Shouldn't be a problem unless you checked luggage; just let your attendant and conductor know you're getting off early.


----------



## Tumbleweed (Jun 17, 2011)

bombcar said:


> Shouldn't be a problem unless you checked luggage; just let your attendant and conductor know you're getting off early.


Thanks!


----------



## jis (Jun 17, 2011)

Yeah. I do that all the time, like hop off at Trenton, while I have a ticket to Newark, e.g. to catch the last NJT train of the night to Metropark, while Cardinal is happily running hours late.


----------



## Tumbleweed (Jun 17, 2011)




----------



## Bob Dylan (Jun 17, 2011)

Tumbleweed said:


> We have a roomette reserved MTZ-SEA.....there is a possibility we may want to stop in SLM to visit relatives....if we get off in SLM, would there be a problem? We would just purchase coach tickets a day or so later to go on to SEA.....

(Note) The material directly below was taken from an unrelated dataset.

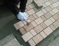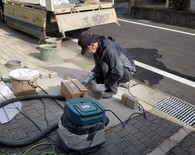 下水道工事後のレンガ復旧工事をさせていただきました。排水口のまるい形に合わせてレンガを器用に削っていっていく作業に苦労しました。
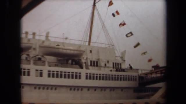 > 1971: flags from various countries hang on a line on ship LONG BEACH CALIFORNIA

Why not just redo your rez and use the first part MYZ-SLM as booked in your Sleeper, then rebook in Coach from SLM-SEA on a Cascade or even the Starlite! No point in giving away $$$ to Amtrak! ^_^


----------



## Tumbleweed (Jun 17, 2011)

jimhudson said:


> Tumbleweed said:
> 
> 
> > We have a roomette reserved MTZ-SEA.....there is a possibility we may want to stop in SLM to visit relatives....if we get off in SLM, would there be a problem? We would just purchase coach tickets a day or so later to go on to SEA.....
> ...


Good thought, but we don't know for sure what we'll do yet......and I wonder if I would still get a low bucket price if I did that....


----------



## amamba (Jun 17, 2011)

I almost always book acela tix to BOS and then get off in PVD. I get more AGR points that way - and it was a trick taught to me by the traveler  An excellent trick!


----------



## Tumbleweed (Jun 17, 2011)

amamba said:


> I almost always book acela tix to BOS and then get off in PVD. I get more AGR points that way - and it was a trick taught to me by the traveler  An excellent trick!


Good point....the coach fare SLM-SEA is less than $50.00, so I will get the minimum of 100 points?



(plus the original fare points MTZ-SEA....



)


----------



## russ (Jun 18, 2011)

I have a similar question. I have a ticket in coach on the LSL from NYP to CHI. However, I might want to board the same train at ROC instead. Could I use my NYP-CHI ticket to board at ROC, assuming I print it out in advance?


----------